Tesla to Open Some Superchargers to Rivals After U.S. EV Charging Network Rules

The Biden administration issued a long-awaited final rules on national electric vehicle (EV) charging network that require chargers to be built in the United States immediately and with 55% of their cost coming from domestically made components by 2024. The rules set a $7.5 billion federal funding for companies, which must also adopt the dominant U.S. standard for charging connectors, known as “Combined Charging System” (CCS) and use standardized payment options that are smartphone friendly. The administration’s target to give consumers unfettered access to the country’s network of EV charging stations will include Tesla’s SuperChargers. The EV maker will open part of its charging network to rival cars as part of the federal program.

While the move could turn Tesla into the universal charging station, it could also cause it to lose its competitive advantage as it has exclusive access to the biggest network of high-speed Superchargers in the U.S.

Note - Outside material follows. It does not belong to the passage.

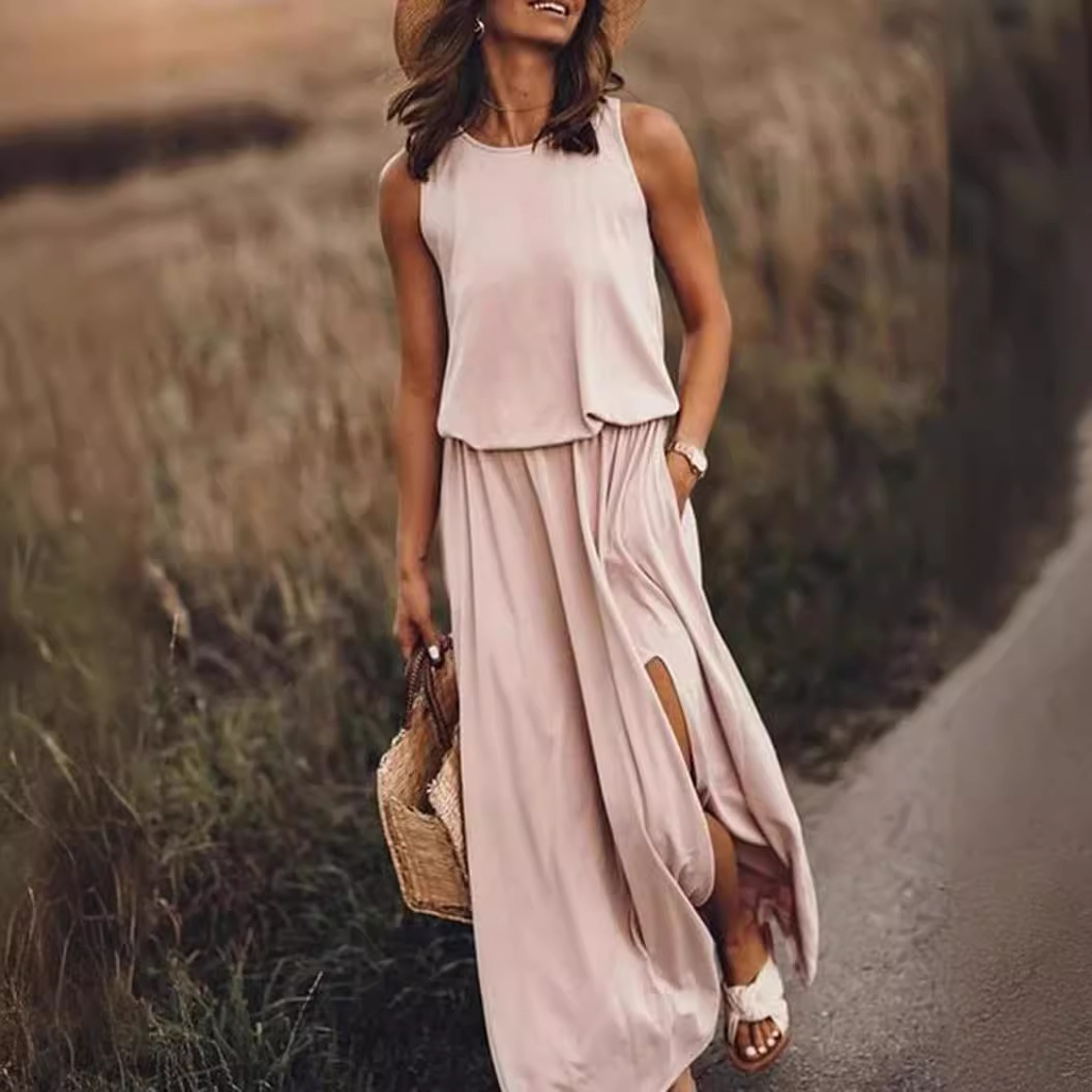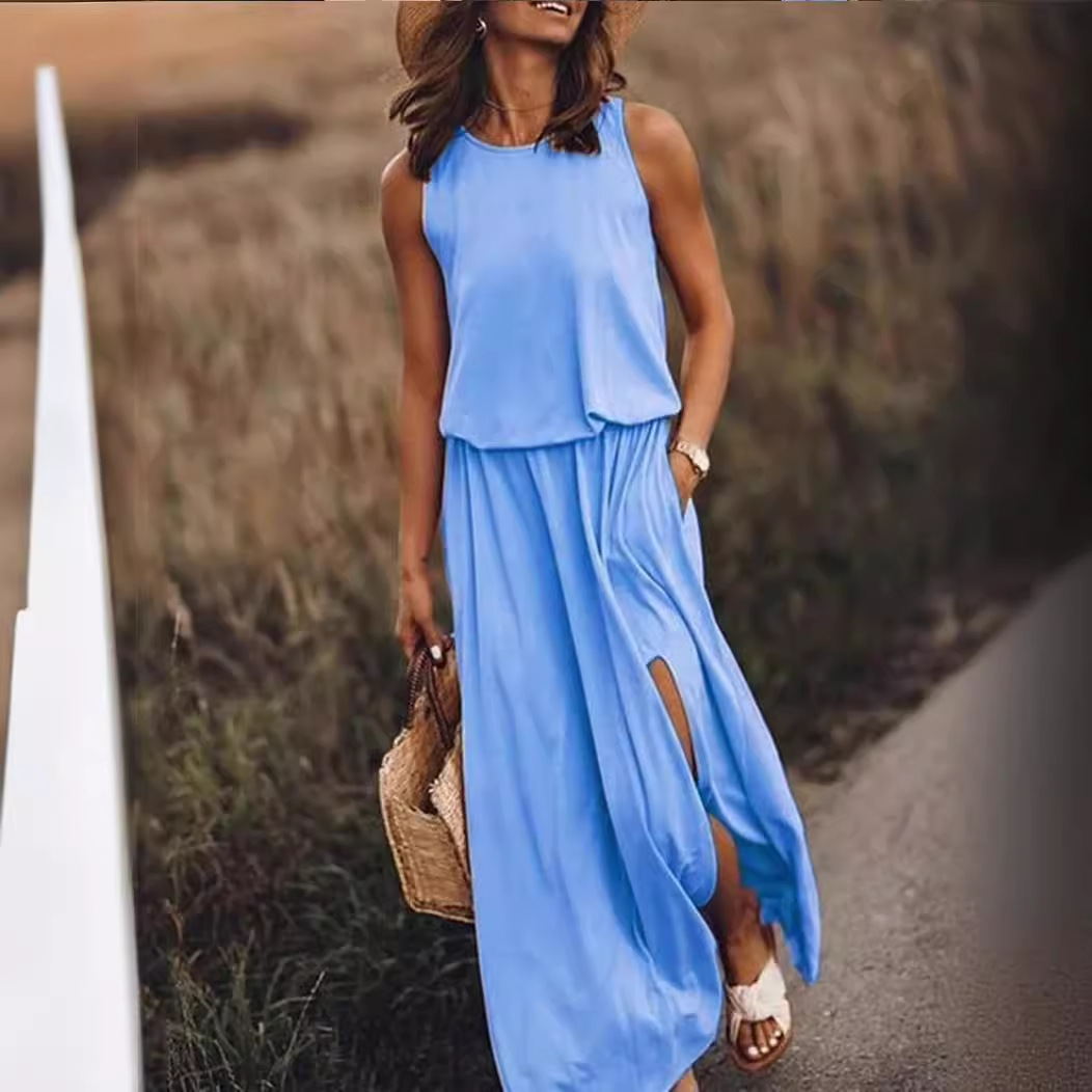 2024 Cross-border Spring and Summer New European and American Foreign Trade Women’s Round Neck Sleeveless dress Split Solid Color Casual Commuter Dress

By late 2024, Tesla would open 3,500 new and existing Superchargers along highway corridors to non-Tesla customers. It would also offer 4,000 slower chargers at locations like hotels and restaurants.

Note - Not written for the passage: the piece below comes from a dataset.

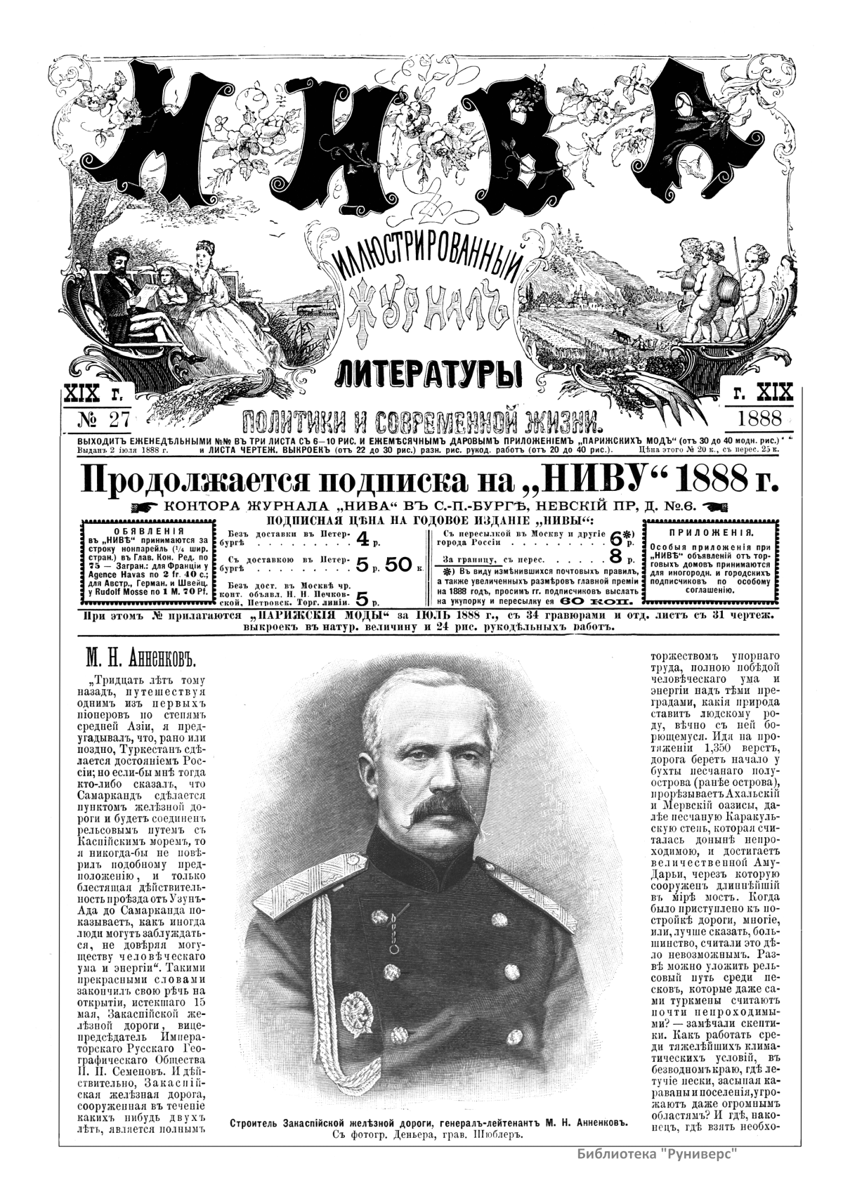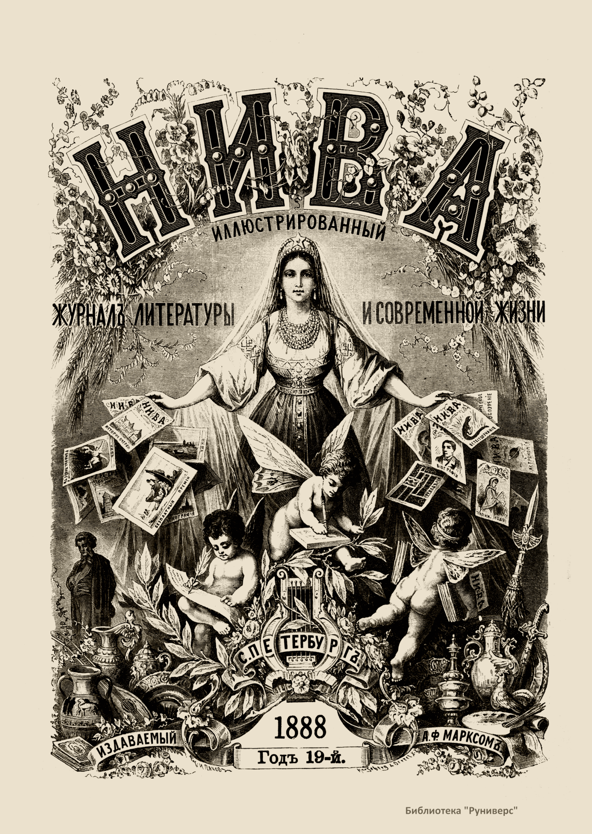 «Нива» — популярный еженедельный русский журнал с приложениями, издававшийся со второй половины XIX до начала XX века, носил подзаголовок «Журнал литературы, политики и современной жизни». Журнал был любимым детищем А. Ф. Маркса, возглавлявшего свое издательство вплоть до своей смерти в 1904 г. Позиционировалась «Нива» как иллюстрированный журнал для семейного чтения и был ориентирован, главным образом, на обывателя. В журнале публиковались литературные произведения, исторические, научно-популярные очерки, репродукции и гравюры картин современных художников. Материалы политического и общественного содержания также сопровождались многочисленными иллюстрациями. Среди известных литераторов, печатавшихся в журнале, были А. К. Толстой, Ф. И. Тютчев, Л. Н. Толстой, А. А. Фет, А. П. Чехов, Максим Горький, Корней Чуковский, Анна Ахматова, Иван Бунин и многие другие. Благодаря «Ниве» сочинения многих современных авторов добрались до самых отдаленных областей России.

Biden wrote on Twitter that the plan to open a “big part” of Tesla’s network to all drivers was a “big deal” and would “make a big difference.”

In response, Tesla Chief Executive Musk said, “Thank you, Tesla is happy to support other EVs via our Supercharger network.”

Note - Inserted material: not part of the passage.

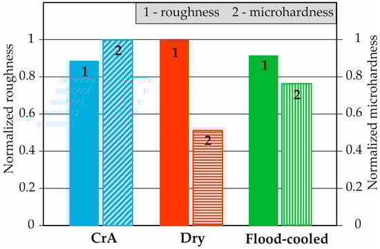 Starting from an initial roughness of μm (after turning), Caudill et al. [32] found that the CrA DR process achieved a smaller reduction (56.7%) of initial roughness than that achieved by dry (63.4%) and flood-cooled (58.2%) processes. All three processes are realized by means of the RB method using a 3.04 mm diameter tungsten carbide roller and four magnitudes of burnishing force. The influence of the burnishing force on roughness was found to be less than that of the burnishing conditions. Figure 7 summarizes the effects of CrA DR on the investigated characteristics of SI [32]. To compare the change trends of heterogeneous quantities, the Ra roughness parameter and the values of microhardness are normalized to unity, i.e., the maximum value of the corresponding quantity is taken as unity.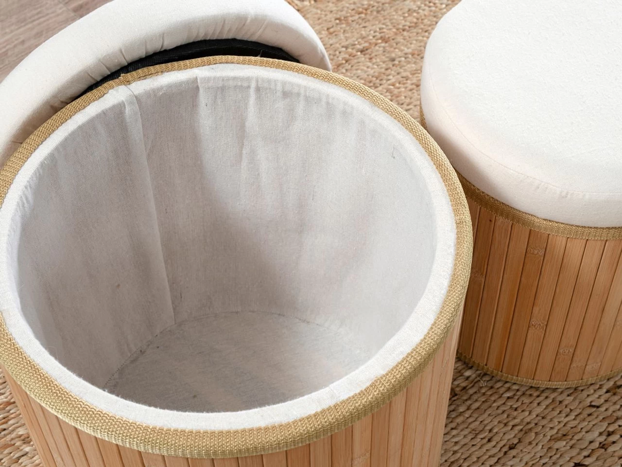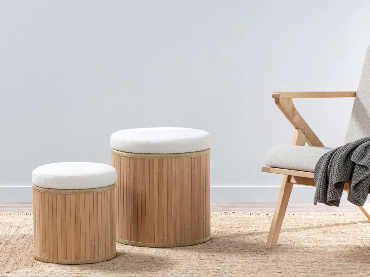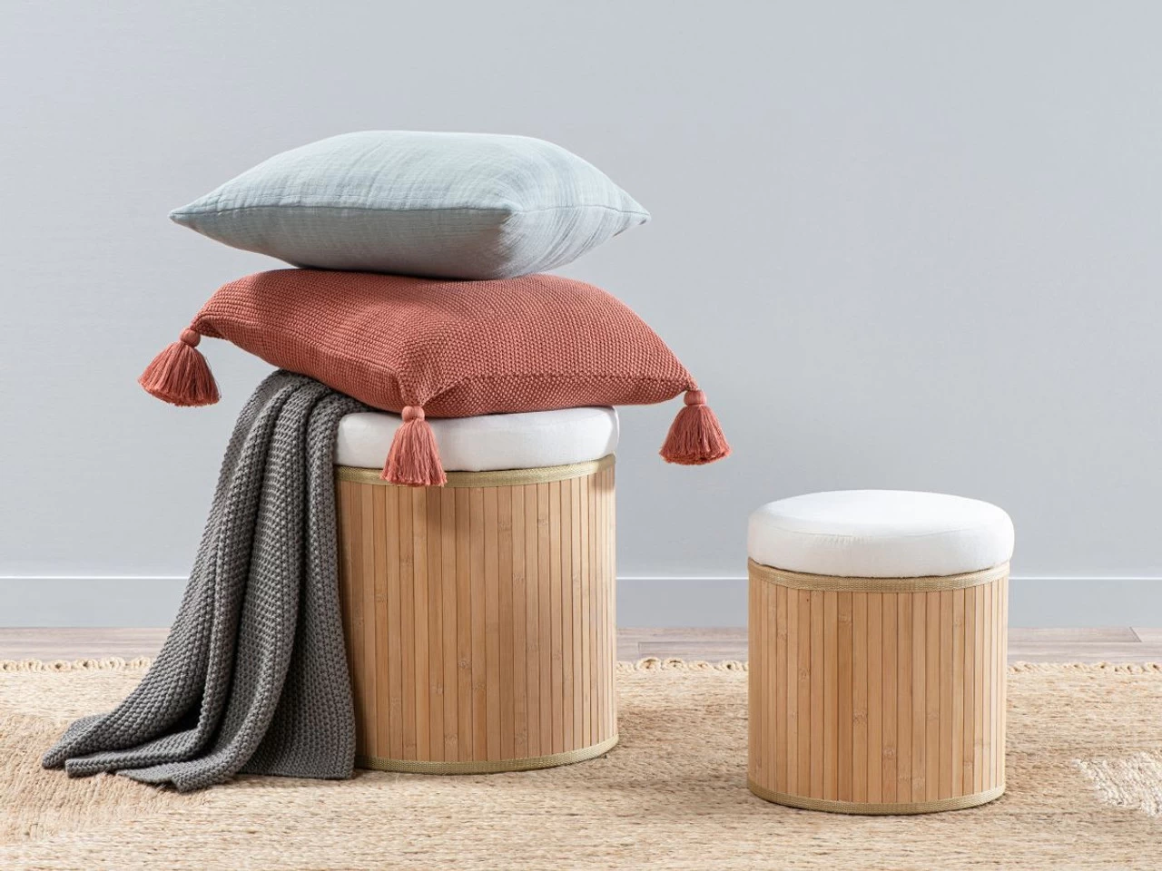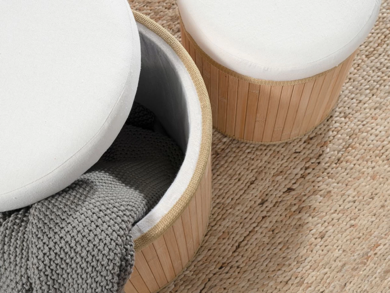 A super versatile piece of home furniture, these round bamboo ottomans not only offer cushy comfort for your feet, but they also feature hidden storage inside. The small ottoman can easily fit inside the larger ottoman, which means you can pack away this ottoman when not in use and save on valuable floor space. Alternatively, take advantage of the hidden storage and store blankets, pillows or more inside the ottoman – the perfect way to keep your room tidy.

Tesla will be eligible for a subsidy, including retrofitting its existing vehicles, as long as it allows other vehicles using the CCS.

The administration said Tesla had not committed to adopting CCS as its standard, but it must comply with the requirements to qualify for federal funds.

Tesla has 17,711 Superchargers, accounting for about 60% of total U.S. fast chargers, which can add hundreds of miles of driving range in an hour or less. There are also nearly 10,000 “destination” chargers with Tesla plugs that can recharge a vehicle overnight.

Opening up access to Tesla’s network could be key for the Biden administration as it targets 500,000 EV charges across the country by 2030, up from 130,000 currently.

“Select Tesla Superchargers across the US will soon be open to all EVs” Tesla wrote on Twitter, without elaborating on when, where and how it would open its chargers. It had already planned to more than double its U.S. Supercharger network by the end of 2024.

Investors and U.S. EV owners have been waiting for action on chargers from Musk, who said in 2021 that the point of his charging network was “not to create a walled garden and use that to bludgeon our competitors.” Some of the company’s Superchargers in Europe and Australia have been open to non-Tesla EV owners since 2021.